It was common to read two decades ago "On the internet, nobody knows you're a dog." It promised a leveling of prejudice, that black and Hispanic people, or maybe women, teenagers, old people - anyone could be judged on their merit, ushering in a new age of colorblindness and acceptance.
It doesn't seem to have worked that way, as people use social media to emphasize rather than disguise their real-life tribes, with people embracing rather than downplaying stereotypes. Or so it seems. I have no numbers, only impressions, and those are too easily influenced by a few loud voices. Perhaps we are actually moving to a "content of their character" world because of the internet, just accompanied by a lot of noise and childishness on the way.
But bsking mentioned something in reference to my Underground DSM that I have thought of often but somehow keep forgetting rapidly after: personality disorders may have an outsized audience and sense of support because of the ruckus they can get started on the internet. Are they disproportionately represented in twitter mobbing? Do they create more unfair and angry memes? Do they swoop in on the helpless more often? I'm guessing yes.
Predators always get the jump, but humans adapt. How will we stay ahead of these? How will we learn the equivalent of crossing the street before the Troubled Youths arrive?
4 comments:
Did you try that google tool to figure out what kind of person you were given the blog posts? (age, income, sex, etc)

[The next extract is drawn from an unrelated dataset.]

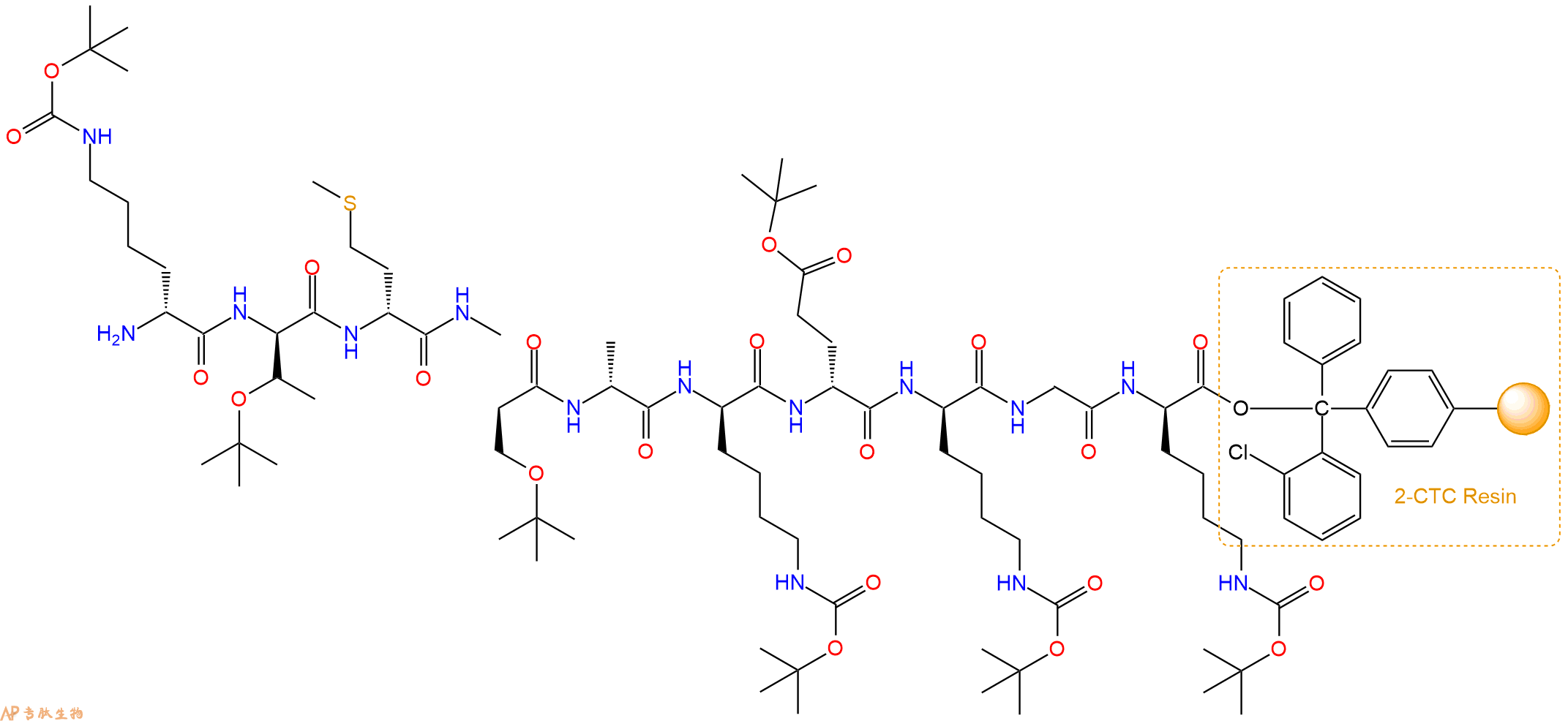 最后再经过步骤二得到 H2N-DLys(Boc)-DThr(tBu)-DMet-DSer(tBu)-DAla-DLys(Boc)-DGlu(OtBu)-DLys(Boc)-Gly-DLys(Boc)-CTC Resin,结构如下:

The internet certainly opens up a new field of victims for the nasty sorts. Most of us skip over the trolls, but that still leaves plenty of vulnerable folks--orders of magnitude more than a troll could reach by letter or telephone pole poster.

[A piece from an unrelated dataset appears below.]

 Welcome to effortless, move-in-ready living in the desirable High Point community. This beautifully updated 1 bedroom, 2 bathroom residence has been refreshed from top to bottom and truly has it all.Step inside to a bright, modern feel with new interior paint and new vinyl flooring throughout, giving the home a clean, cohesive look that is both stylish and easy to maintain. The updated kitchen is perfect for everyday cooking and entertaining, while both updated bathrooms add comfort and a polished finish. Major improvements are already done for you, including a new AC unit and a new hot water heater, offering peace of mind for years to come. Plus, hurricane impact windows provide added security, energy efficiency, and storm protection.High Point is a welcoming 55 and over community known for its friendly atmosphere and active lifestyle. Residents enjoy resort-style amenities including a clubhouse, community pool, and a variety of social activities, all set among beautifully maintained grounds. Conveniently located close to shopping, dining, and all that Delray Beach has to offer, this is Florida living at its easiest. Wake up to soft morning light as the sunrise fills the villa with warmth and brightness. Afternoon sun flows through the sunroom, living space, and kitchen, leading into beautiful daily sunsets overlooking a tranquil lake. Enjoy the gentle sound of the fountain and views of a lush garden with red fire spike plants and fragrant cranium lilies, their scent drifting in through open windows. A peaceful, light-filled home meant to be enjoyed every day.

I vaguely remember that tool. Could you save me the trouble of thinking hard and give it to me? If you tell me that it's good to do my own work I'll understand.
Not sure where to find it anymore, but they're confident enough of their algorithms these days to offer a service to "Analyze users by age, gender, and interest categories." I remember looking at the results several years ago and thinking that they at least got my sex right.
I know she carried this on in real life as well, complete with appearance changes, but it occurs to me to wonder whether that woman who "identified" as black and pretended she was black—jobs with black organizations, taught in an African-American Studies department, etc.—whether it would have occurred to her to try that, pre-Internet.